Top of Provided data

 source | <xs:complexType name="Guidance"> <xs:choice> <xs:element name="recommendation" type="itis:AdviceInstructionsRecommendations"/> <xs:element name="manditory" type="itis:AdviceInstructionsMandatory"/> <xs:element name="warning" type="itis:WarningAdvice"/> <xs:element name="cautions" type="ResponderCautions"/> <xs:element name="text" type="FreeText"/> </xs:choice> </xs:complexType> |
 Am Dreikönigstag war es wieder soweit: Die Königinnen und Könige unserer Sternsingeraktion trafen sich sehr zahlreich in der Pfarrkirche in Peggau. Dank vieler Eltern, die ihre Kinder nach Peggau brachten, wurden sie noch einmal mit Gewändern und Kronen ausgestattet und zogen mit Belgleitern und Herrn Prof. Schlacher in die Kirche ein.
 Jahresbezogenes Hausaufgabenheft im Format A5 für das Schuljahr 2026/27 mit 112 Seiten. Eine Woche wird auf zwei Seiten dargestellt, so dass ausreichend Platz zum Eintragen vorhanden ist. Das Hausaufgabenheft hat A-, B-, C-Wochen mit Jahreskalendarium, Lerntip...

Bottom of Provided data
Top of Provided data

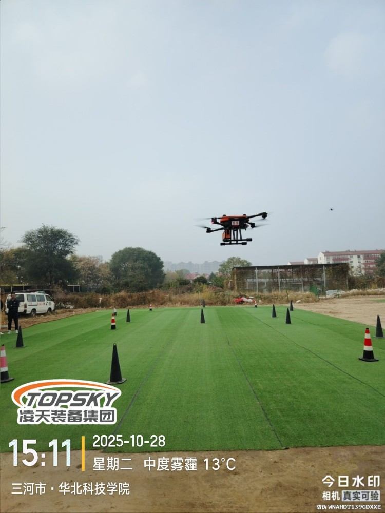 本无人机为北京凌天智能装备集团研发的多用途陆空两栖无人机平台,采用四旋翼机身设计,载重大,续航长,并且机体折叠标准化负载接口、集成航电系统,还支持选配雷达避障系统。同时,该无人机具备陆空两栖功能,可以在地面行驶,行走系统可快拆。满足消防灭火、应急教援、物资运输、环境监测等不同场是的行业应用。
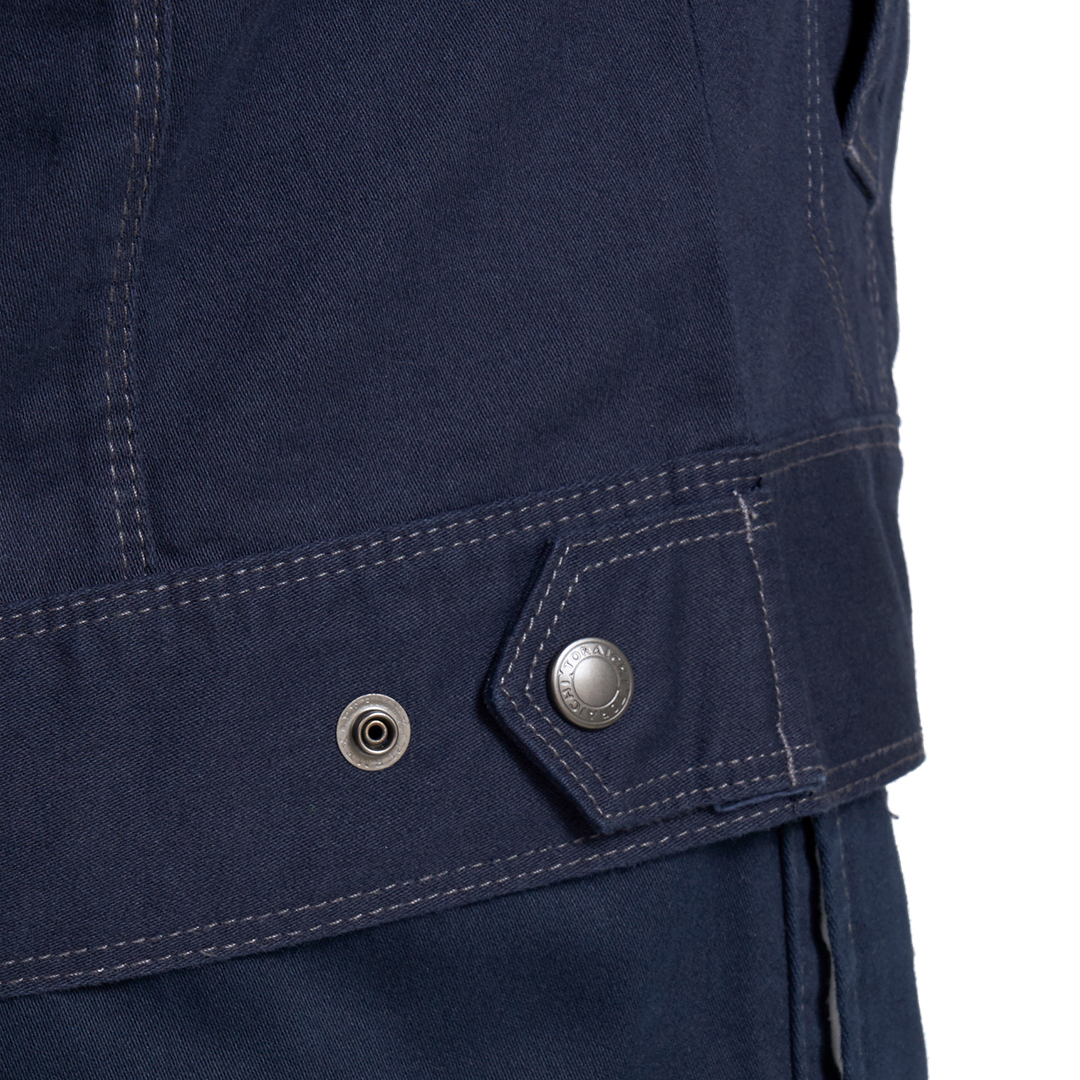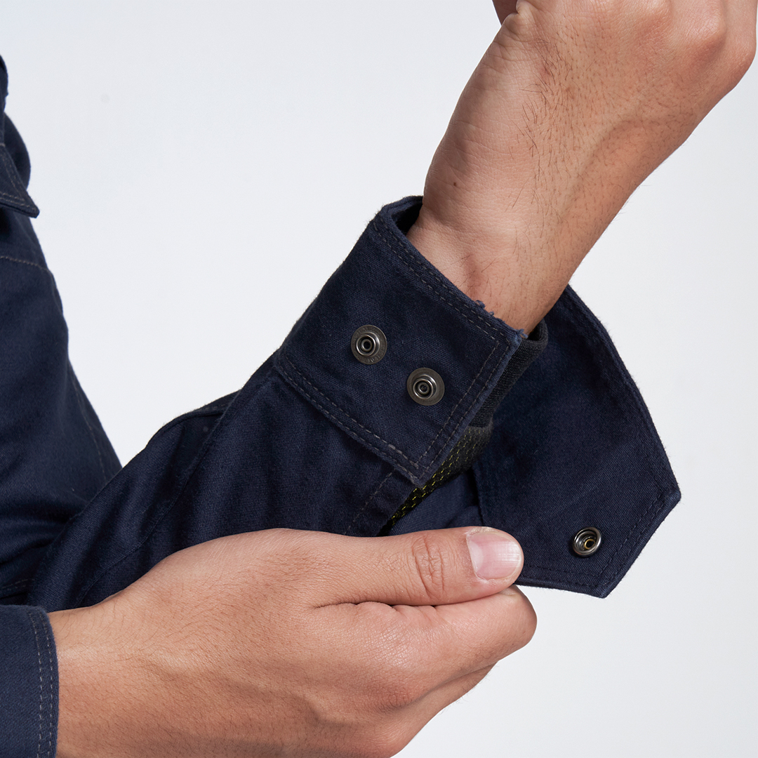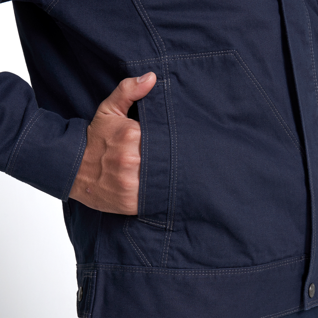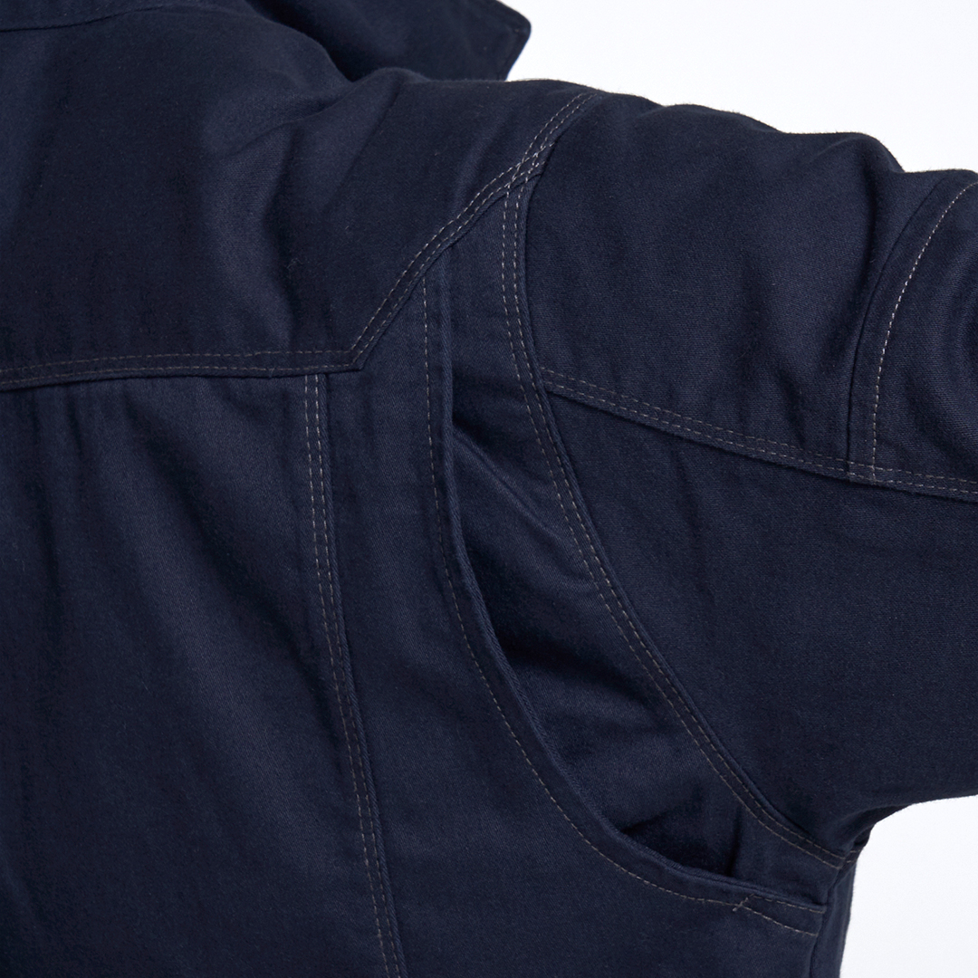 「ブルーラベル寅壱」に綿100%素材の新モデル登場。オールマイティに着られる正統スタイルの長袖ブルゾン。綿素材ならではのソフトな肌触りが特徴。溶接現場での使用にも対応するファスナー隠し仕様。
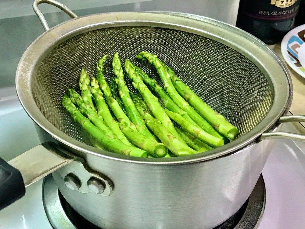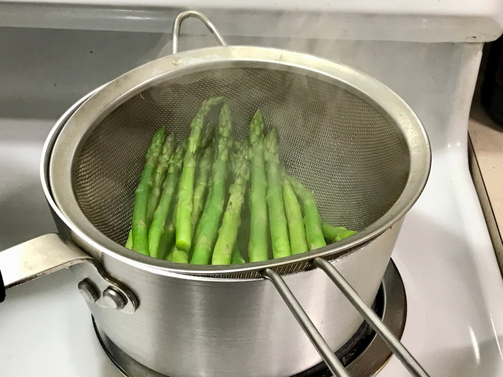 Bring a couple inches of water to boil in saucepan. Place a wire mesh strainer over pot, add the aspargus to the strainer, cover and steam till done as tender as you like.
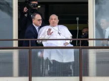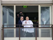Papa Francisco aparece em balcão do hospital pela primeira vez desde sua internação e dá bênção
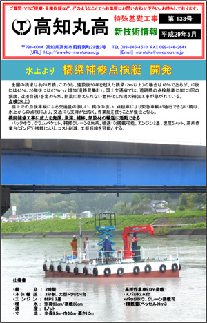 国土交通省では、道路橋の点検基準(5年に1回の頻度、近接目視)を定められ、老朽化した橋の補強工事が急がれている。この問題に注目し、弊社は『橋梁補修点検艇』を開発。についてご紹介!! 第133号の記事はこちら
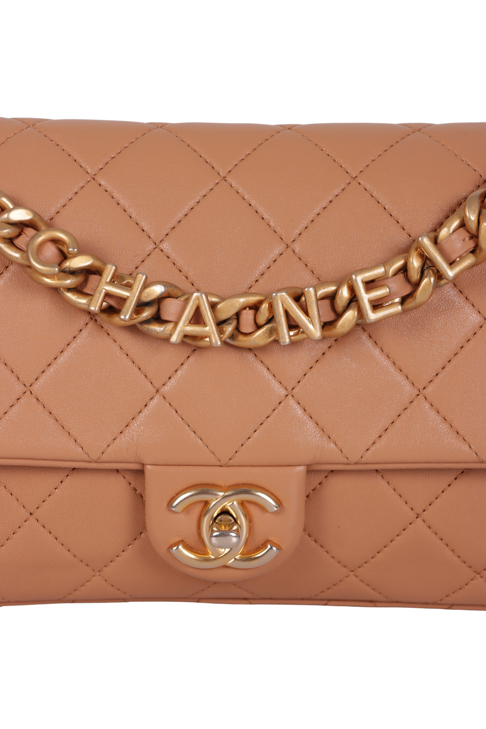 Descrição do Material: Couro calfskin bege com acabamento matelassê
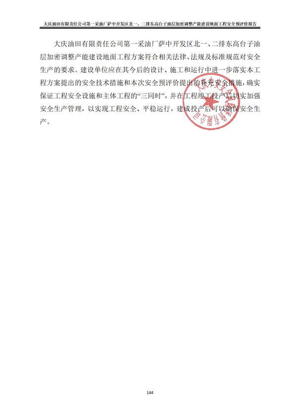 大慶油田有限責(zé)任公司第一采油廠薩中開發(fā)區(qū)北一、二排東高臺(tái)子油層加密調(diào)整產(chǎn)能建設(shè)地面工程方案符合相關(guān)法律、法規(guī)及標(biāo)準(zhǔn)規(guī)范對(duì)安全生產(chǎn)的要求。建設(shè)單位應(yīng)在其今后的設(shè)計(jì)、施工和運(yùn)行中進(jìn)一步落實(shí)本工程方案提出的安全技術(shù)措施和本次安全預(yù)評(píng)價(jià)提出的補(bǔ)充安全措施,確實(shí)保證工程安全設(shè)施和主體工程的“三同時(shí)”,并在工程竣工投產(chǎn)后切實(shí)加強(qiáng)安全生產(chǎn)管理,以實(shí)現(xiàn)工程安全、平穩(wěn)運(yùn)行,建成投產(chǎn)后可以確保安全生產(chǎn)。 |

Bottom of Provided data
Top of Provided data

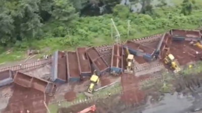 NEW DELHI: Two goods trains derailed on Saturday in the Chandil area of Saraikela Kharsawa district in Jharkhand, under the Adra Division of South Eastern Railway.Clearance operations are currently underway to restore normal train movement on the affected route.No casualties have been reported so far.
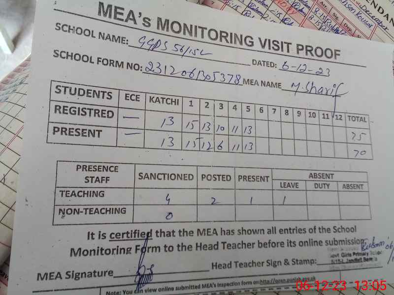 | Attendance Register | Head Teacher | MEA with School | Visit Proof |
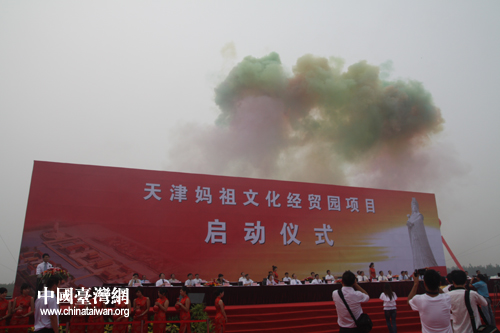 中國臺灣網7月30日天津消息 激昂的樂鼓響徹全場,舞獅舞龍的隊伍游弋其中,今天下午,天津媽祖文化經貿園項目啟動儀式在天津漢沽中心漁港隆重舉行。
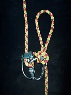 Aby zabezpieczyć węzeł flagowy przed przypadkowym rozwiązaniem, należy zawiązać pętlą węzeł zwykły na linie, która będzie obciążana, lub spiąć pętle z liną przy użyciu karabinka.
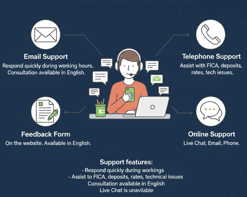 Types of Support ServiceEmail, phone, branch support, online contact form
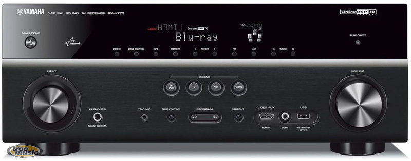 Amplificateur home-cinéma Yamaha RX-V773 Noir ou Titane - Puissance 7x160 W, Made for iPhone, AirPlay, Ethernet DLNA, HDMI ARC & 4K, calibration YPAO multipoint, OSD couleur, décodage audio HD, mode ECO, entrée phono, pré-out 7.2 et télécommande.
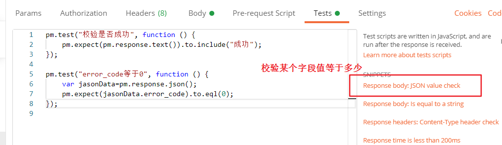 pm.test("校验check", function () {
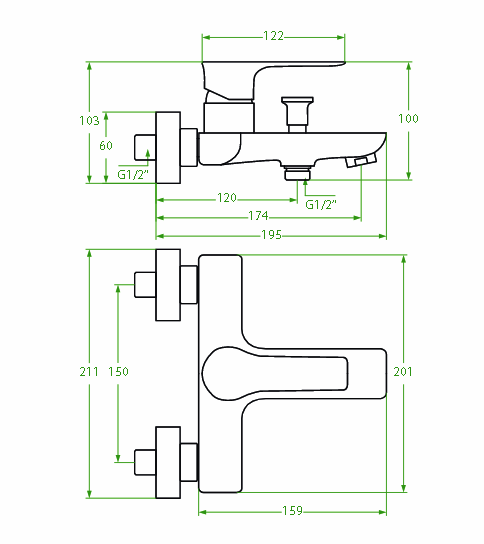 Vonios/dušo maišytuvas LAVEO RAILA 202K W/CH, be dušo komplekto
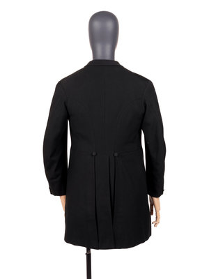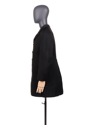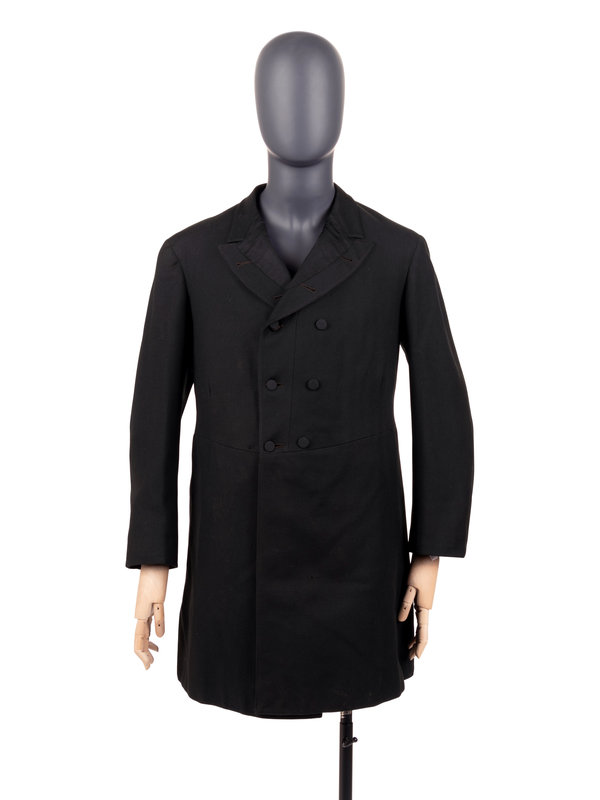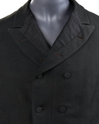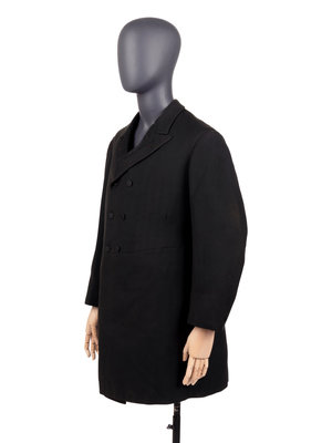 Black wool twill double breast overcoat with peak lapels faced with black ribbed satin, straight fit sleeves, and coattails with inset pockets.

Bottom of Provided data

» **Problem to work on**:
Your answer is the exact run of lines above from the one with "国土交通省では、道路橋の点検" through the one with "Descrição do Material: Couro", both ends included, minus any picture.

» **Task answer**:
 国土交通省では、道路橋の点検基準(5年に1回の頻度、近接目視)を定められ、老朽化した橋の補強工事が急がれている。この問題に注目し、弊社は『橋梁補修点検艇』を開発。についてご紹介!! 第133号の記事はこちら
 Descrição do Material: Couro calfskin bege com acabamento matelassê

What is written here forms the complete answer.